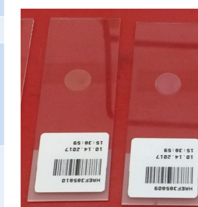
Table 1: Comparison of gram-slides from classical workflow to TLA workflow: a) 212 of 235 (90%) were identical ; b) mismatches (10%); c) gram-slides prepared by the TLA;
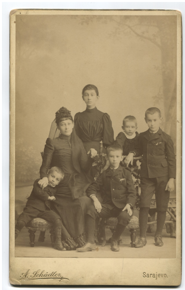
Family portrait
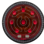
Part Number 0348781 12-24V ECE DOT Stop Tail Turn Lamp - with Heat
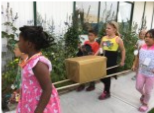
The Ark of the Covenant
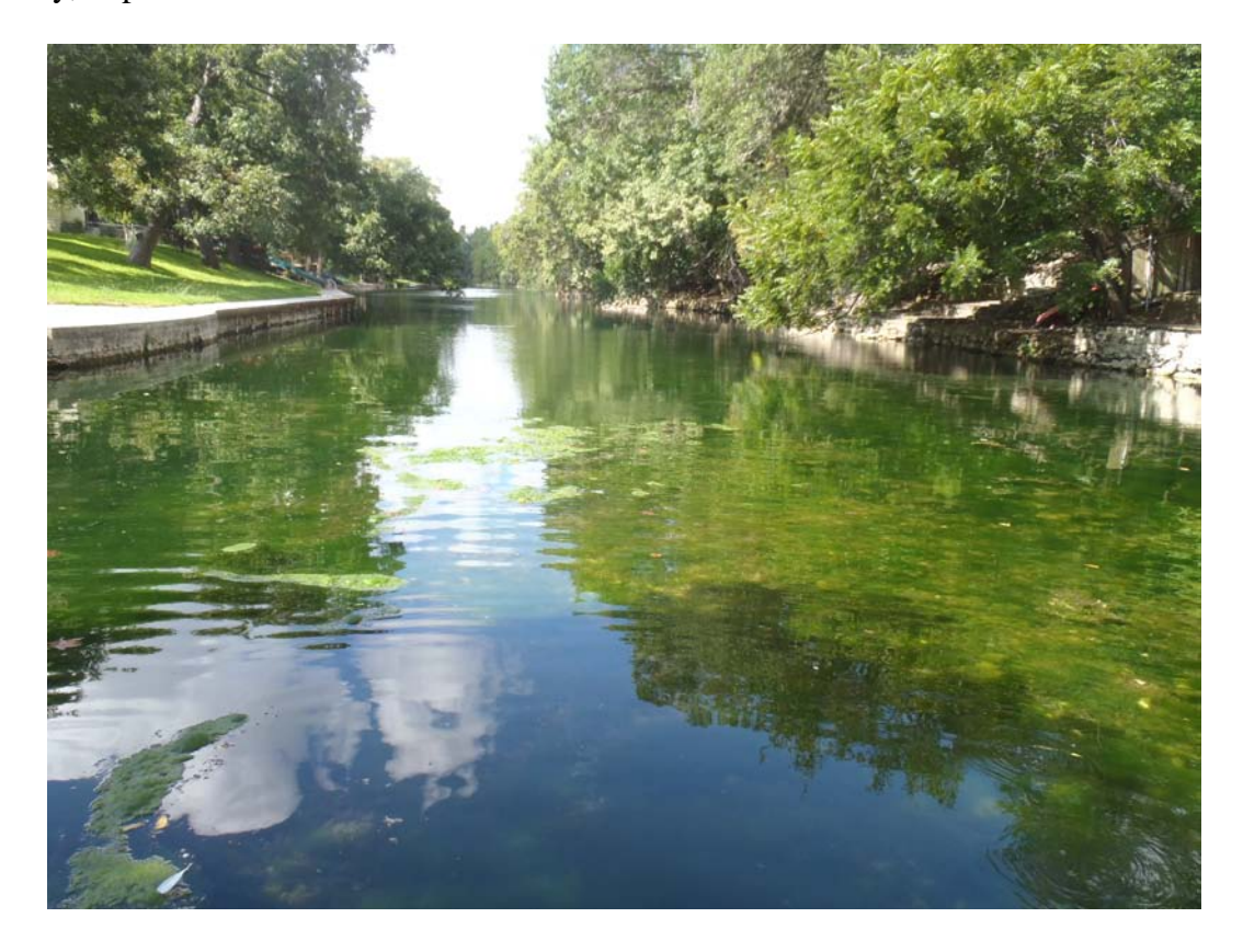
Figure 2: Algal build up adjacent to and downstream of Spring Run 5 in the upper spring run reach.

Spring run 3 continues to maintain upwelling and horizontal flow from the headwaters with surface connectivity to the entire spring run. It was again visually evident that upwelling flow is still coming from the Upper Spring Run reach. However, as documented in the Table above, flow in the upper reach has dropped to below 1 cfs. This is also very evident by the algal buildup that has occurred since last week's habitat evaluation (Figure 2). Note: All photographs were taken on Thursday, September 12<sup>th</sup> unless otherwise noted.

REQUIRED WORK:
In the listing above, find the line with "Figure 2: Algal" and set down that line and all after it exactly, through the final line.

PROBLEM SOLUTION:
Figure 2: Algal build up adjacent to and downstream of Spring Run 5 in the upper spring run reach.

Spring run 3 continues to maintain upwelling and horizontal flow from the headwaters with surface connectivity to the entire spring run. It was again visually evident that upwelling flow is still coming from the Upper Spring Run reach. However, as documented in the Table above, flow in the upper reach has dropped to below 1 cfs. This is also very evident by the algal buildup that has occurred since last week's habitat evaluation (Figure 2). Note: All photographs were taken on Thursday, September 12<sup>th</sup> unless otherwise noted.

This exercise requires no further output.